> **EXERCISE PROMPT**
Copy exactly the lines from the beginning of the data down to and including the line holding "A person with", without any pictures.

Start of INFORMATION SUPPLIED

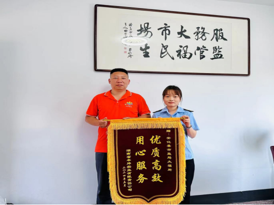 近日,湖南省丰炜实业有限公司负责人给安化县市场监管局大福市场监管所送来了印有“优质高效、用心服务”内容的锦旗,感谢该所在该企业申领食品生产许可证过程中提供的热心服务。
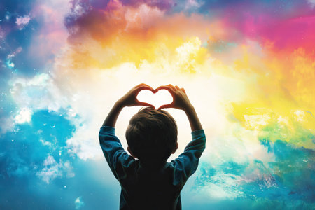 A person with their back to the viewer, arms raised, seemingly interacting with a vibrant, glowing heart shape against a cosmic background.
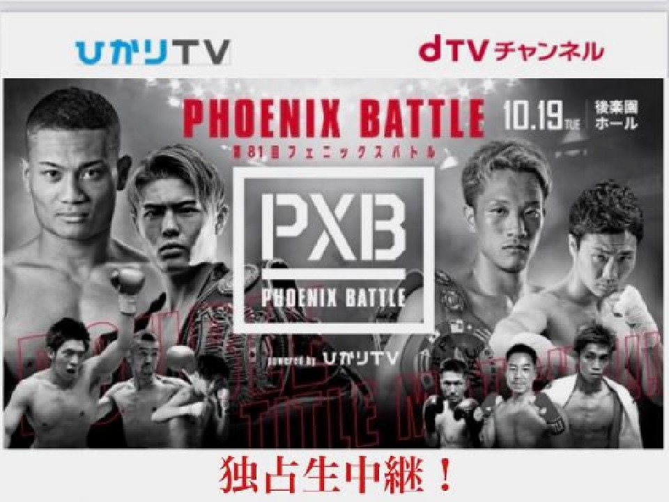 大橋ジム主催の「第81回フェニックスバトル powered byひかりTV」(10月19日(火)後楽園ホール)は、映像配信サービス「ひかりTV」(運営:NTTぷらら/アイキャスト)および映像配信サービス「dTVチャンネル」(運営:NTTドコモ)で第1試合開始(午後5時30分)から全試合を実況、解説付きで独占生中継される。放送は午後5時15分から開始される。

End of INFORMATION SUPPLIED

> **COMPLETED TASK**
 近日,湖南省丰炜实业有限公司负责人给安化县市场监管局大福市场监管所送来了印有“优质高效、用心服务”内容的锦旗,感谢该所在该企业申领食品生产许可证过程中提供的热心服务。
 A person with their back to the viewer, arms raised, seemingly interacting with a vibrant, glowing heart shape against a cosmic background.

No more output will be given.